With pictures left out, set down exactly the lines that begin at the one containing "右の石段を上がっていくんら♪" and end with the last line of the entries below.
::: INPUT DATA
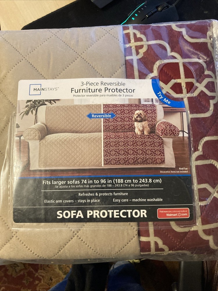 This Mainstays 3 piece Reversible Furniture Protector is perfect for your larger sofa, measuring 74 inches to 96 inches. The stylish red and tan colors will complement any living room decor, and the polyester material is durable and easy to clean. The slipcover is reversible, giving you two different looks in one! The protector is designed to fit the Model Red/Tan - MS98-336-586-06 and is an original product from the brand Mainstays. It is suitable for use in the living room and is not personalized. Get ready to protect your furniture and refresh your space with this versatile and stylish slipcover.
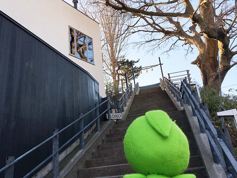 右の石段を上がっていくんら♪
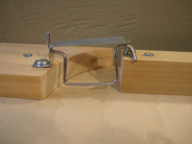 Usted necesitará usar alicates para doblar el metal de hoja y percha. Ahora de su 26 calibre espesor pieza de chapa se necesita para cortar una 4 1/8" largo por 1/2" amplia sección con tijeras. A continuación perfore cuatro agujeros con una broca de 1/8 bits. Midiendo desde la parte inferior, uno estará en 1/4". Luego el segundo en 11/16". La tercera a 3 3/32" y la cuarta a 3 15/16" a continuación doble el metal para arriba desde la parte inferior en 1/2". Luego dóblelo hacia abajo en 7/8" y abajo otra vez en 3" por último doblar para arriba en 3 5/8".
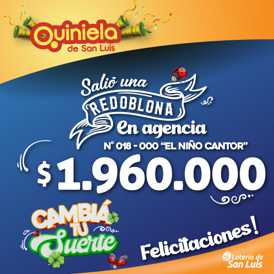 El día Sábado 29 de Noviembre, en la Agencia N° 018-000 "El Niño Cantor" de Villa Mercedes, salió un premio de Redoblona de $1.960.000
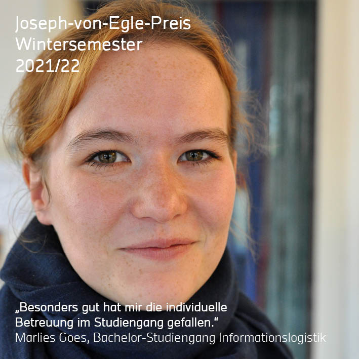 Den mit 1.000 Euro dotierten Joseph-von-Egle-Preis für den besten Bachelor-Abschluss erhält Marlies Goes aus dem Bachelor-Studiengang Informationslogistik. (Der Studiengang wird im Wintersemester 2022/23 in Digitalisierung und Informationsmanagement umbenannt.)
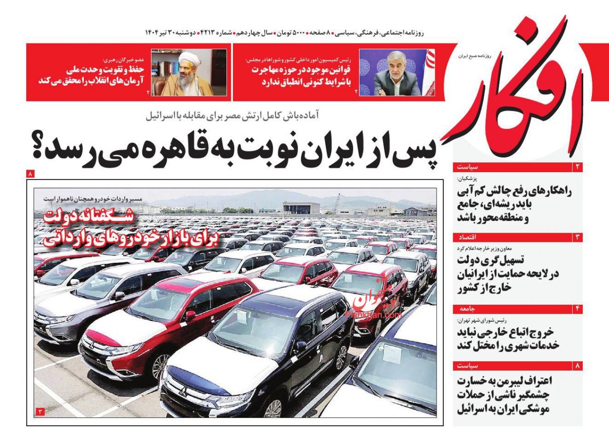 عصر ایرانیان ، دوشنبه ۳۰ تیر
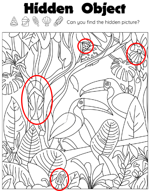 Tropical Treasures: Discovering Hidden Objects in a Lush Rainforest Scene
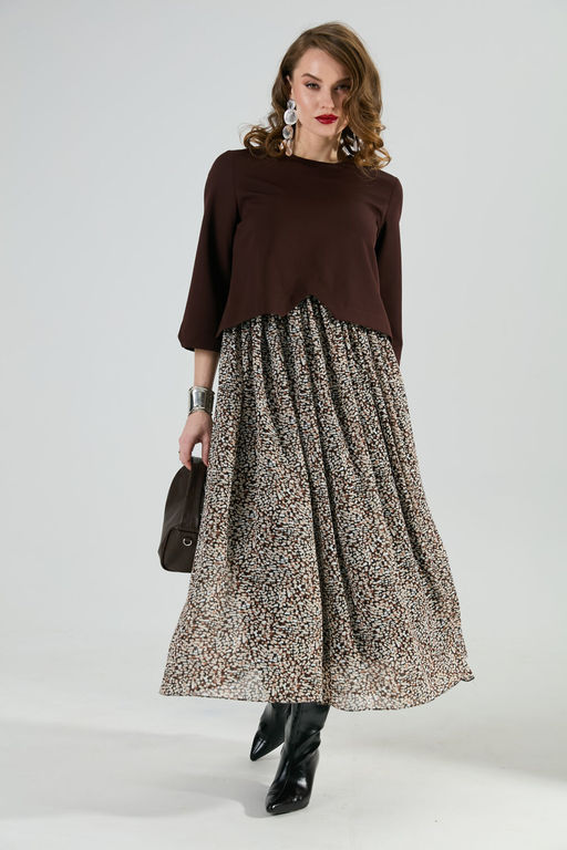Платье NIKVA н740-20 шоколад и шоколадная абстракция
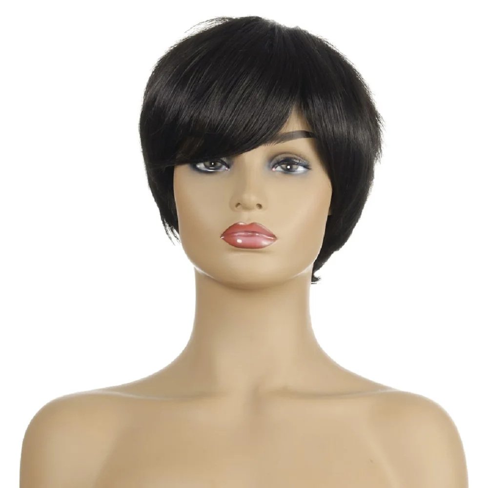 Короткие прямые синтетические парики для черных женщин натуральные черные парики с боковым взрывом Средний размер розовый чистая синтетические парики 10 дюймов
::::::
◆ **EXPECTED OUTPUT**:
 右の石段を上がっていくんら♪
 Usted necesitará usar alicates para doblar el metal de hoja y percha. Ahora de su 26 calibre espesor pieza de chapa se necesita para cortar una 4 1/8" largo por 1/2" amplia sección con tijeras. A continuación perfore cuatro agujeros con una broca de 1/8 bits. Midiendo desde la parte inferior, uno estará en 1/4". Luego el segundo en 11/16". La tercera a 3 3/32" y la cuarta a 3 15/16" a continuación doble el metal para arriba desde la parte inferior en 1/2". Luego dóblelo hacia abajo en 7/8" y abajo otra vez en 3" por último doblar para arriba en 3 5/8".
 El día Sábado 29 de Noviembre, en la Agencia N° 018-000 "El Niño Cantor" de Villa Mercedes, salió un premio de Redoblona de $1.960.000
 Den mit 1.000 Euro dotierten Joseph-von-Egle-Preis für den besten Bachelor-Abschluss erhält Marlies Goes aus dem Bachelor-Studiengang Informationslogistik. (Der Studiengang wird im Wintersemester 2022/23 in Digitalisierung und Informationsmanagement umbenannt.)
 عصر ایرانیان ، دوشنبه ۳۰ تیر
 Tropical Treasures: Discovering Hidden Objects in a Lush Rainforest Scene
Платье NIKVA н740-20 шоколад и шоколадная абстракция
 Короткие прямые синтетические парики для черных женщин натуральные черные парики с боковым взрывом Средний размер розовый чистая синтетические парики 10 дюймов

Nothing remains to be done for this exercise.